WHAT THE EXERCISE ASKS =
Reproduce exactly, and only, the lines below from the one containing "Seuraavaksi lähtee Caribbean" through the one containing "A Ferris wheel".
LISTED RECORDS Block Start
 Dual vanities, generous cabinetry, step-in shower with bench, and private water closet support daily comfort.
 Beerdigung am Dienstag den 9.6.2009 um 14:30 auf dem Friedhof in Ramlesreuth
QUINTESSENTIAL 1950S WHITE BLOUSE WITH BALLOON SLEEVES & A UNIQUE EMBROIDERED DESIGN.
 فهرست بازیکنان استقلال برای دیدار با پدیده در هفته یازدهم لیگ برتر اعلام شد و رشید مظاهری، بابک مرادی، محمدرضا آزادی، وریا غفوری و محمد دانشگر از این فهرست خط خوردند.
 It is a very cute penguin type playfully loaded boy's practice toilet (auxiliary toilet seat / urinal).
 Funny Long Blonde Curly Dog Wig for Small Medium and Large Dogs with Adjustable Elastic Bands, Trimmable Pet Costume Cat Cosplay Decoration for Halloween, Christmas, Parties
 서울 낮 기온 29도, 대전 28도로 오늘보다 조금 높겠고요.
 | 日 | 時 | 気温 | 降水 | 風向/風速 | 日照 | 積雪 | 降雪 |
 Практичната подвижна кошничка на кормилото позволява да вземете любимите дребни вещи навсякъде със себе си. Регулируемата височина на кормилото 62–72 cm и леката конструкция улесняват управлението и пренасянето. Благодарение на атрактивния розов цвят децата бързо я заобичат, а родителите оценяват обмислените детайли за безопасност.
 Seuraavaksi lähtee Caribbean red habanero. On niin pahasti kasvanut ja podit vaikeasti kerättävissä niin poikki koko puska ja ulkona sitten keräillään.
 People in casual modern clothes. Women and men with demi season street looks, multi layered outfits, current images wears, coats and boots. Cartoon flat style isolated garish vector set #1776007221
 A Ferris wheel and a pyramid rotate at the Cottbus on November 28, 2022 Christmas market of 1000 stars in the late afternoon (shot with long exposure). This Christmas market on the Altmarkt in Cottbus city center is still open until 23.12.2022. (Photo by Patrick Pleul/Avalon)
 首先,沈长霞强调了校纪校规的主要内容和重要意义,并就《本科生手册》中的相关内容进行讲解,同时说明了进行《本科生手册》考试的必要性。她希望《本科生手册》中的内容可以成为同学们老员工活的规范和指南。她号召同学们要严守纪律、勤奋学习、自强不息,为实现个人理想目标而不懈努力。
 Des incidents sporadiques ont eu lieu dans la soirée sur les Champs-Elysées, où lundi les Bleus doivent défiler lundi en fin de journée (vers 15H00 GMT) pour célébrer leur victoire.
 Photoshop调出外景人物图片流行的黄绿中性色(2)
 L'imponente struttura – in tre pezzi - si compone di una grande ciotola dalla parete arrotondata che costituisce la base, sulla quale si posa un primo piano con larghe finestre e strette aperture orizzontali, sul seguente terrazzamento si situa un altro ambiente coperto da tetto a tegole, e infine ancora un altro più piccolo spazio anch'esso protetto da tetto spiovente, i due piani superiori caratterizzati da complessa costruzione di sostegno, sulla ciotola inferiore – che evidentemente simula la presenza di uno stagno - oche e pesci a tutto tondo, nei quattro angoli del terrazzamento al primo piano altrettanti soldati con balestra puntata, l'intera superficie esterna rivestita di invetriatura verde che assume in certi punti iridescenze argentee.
LISTED RECORDS Block End
TASK OUTPUT =
 Seuraavaksi lähtee Caribbean red habanero. On niin pahasti kasvanut ja podit vaikeasti kerättävissä niin poikki koko puska ja ulkona sitten keräillään.
 People in casual modern clothes. Women and men with demi season street looks, multi layered outfits, current images wears, coats and boots. Cartoon flat style isolated garish vector set #1776007221
 A Ferris wheel and a pyramid rotate at the Cottbus on November 28, 2022 Christmas market of 1000 stars in the late afternoon (shot with long exposure). This Christmas market on the Altmarkt in Cottbus city center is still open until 23.12.2022. (Photo by Patrick Pleul/Avalon)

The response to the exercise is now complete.